ANNAPOLIS — With the clock ticking on the expiration of several key federal tax incentives for the development of offshore wind energy off the Atlantic Coast including a proposal in Maryland, a coalition of stakeholders, environmental groups and lawmakers rallied in Annapolis last week to release a new report outlining how far the effort has come thus far and how far it still has to go.
Called “The Turning Point for Atlantic Offshore Wind Energy,” the report released last Thursday was prepared by the National Wildlife Federation, Environment America Research and Policy Center and many partner organizations including Environment Maryland. The report takes a fresh look at how far offshore wind has advanced in Maryland and the entire Atlantic coast and the work still be done.
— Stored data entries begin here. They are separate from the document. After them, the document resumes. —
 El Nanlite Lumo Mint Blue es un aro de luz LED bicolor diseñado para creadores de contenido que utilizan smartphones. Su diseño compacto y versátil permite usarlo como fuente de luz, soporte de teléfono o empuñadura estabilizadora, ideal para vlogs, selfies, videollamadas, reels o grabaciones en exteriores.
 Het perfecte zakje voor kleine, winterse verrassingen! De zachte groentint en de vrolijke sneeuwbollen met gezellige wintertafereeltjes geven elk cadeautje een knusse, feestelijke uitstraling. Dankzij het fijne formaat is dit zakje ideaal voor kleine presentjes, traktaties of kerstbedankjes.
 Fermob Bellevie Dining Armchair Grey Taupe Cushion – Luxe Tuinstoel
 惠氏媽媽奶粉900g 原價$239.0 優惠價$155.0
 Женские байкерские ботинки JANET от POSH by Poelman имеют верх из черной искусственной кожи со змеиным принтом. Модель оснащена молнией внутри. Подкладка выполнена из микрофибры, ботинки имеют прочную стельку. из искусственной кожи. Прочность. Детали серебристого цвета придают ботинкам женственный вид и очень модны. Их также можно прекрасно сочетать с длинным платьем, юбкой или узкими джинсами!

The coalition of partners released the report during a rally in front of the State House in Annapolis.
The timing of the report release and rally was critical because several key tax credits and other incentives for the development of offshore wind energy in Maryland and all of the coastal states along the Atlantic are set to expire by the end of the year. Those who rallied in Annapolis urged Congress to renew the important incentives and called on Maryland lawmakers to pass legislation during the coming General Assembly session to move offshore wind energy closer to becoming a reality.
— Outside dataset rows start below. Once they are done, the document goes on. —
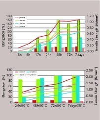 Results are self-explanatory and we could state that after 24 hours both at room temperature and at 5 °C the membranes prepared with the new binders have developed more than 80 % of the total mechanical strength and the absolute value is so high, that membranes are already water proof even under the highest pressure conditions.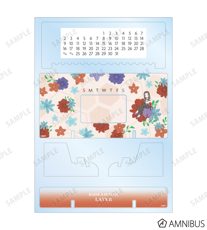 レイヤのイラストをボタニカルデザインに落とし込んで繊細なタッチで新たに描き起こし、卓上アクリル万年カレンダーに仕上げました。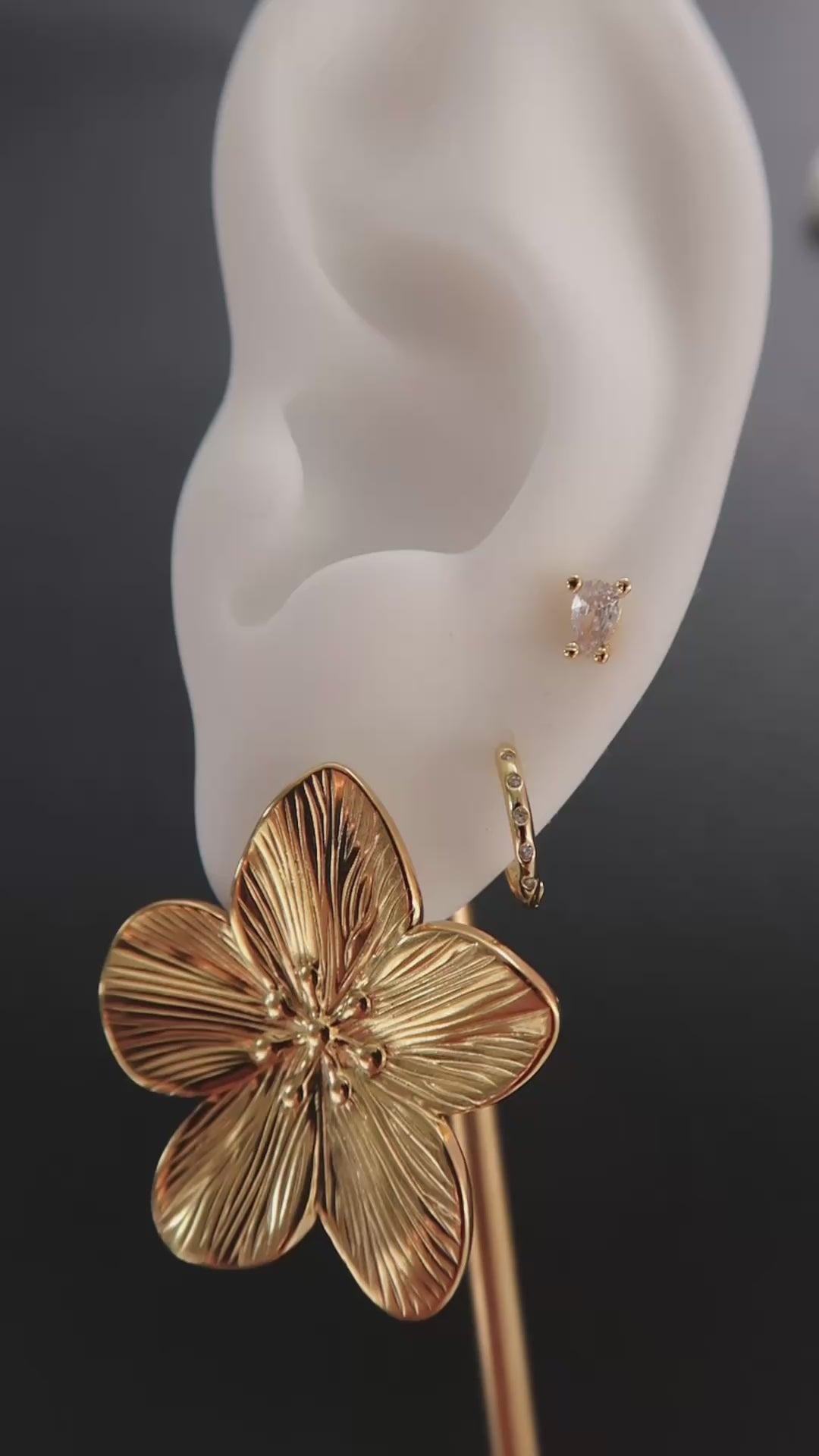 Introducing Evelyn, the epitome of luxury with its statement flower studs in gold. Add a touch of elegance to any outfit with these exquisite earrings. Made with expert craftsmanship, Evelyn is sure to make a sophisticated statement.

“In the race up and down the Atlantic to have the first offshore wind project, Maryland could make history,” said Environment Maryland Executive Director Tommy Landers. “To get us over the finish line so we can start producing pollution-free energy and creating local job from offshore wind development, our leaders must act now, first by demanding that Congress extend the offshore wind tax credit before it expires at the end of the year, and pass a strong offshore wind bill in Annapolis.”
According to the report, the designated area off the coast of Ocean City and other similar areas up and down the east coast are ideal locations for offshore wind energy because of the population density and the associated high demand for electricity. With several steps already taken in Maryland, getting the federal tax credits extended and passing a bill in the upcoming General Assembly session is paramount to continuing the momentum, according to Maryland Senator Thomas “Mac” Middleton, who spoke at the rally.
“We need to pass a bill in 2013 that will set us up to build offshore wind turbines off our shore,” he said. “It’s about being ready and having everything in place so we can act.”
The section of the report released yesterday specific to Maryland outlines the steps that have been taken thus far and what has to happen next to continue that momentum.
The report found Maryland could install nearly 15,000 megawatts of offshore wind energy using current technology, which would be enough to satisfy 67 percent of the state’s current energy needs, but that number could be ambitious in the short term. The federal Bureau of Ocean Energy Management (BOEM) has identified a formal wind energy area (WEA) for Maryland about 10 miles off the coast of Ocean City. It covers about 94 square miles, or roughly 79,000 acres. Early proposals have called for anywhere from 40 to 100 wind turbines off the coast of the resort and depending on that final number, the offshore wind farm off the coast could generate as much as 1,000 megawatts.
In February, BOEM finalized its regional Environmental Assessment (EA) of the wind energy areas in the mid-Atlantic including Maryland and concluded no significant impacts would result from issuing leases to developers for site assessments. BOEM has received six expressions of interest from developers for Maryland’s wind energy area. As a result, BOEM will grant leases through an auction process and leases could be issued as soon as early 2013.
This year, a $30 million Offshore Wind Development Fund was established in Maryland as a result of the merger between Exelon and Constellation Energy. In July, the Maryland Energy Administration issued a request for proposals to conduct geophysical survey studies of the areas off the coast of Ocean City using this funding. The studies will provide critical information to developers and will likely lower the cost of development, according to the new report released on Thursday.
A key hurdle to be overcome remains approval from the Maryland General Assembly to allow the process to move forward. O’Malley’s Maryland Offshore Wind Energy Act of 2012 was passed by the House by an 88-47 vote, but never came to vote in the Senate. Similar legislation is expected to be proposed in the upcoming 2013 session.
While the legislation has stumbled in the General Assembly, the report released last week suggests there is strong public support for the development of offshore wind energy in Maryland.
According to the report, a recent poll found that 62 percent of Marylanders support offshore wind energy development off the state’s coast even if it meant paying a couple dollars more on their monthly energy bills.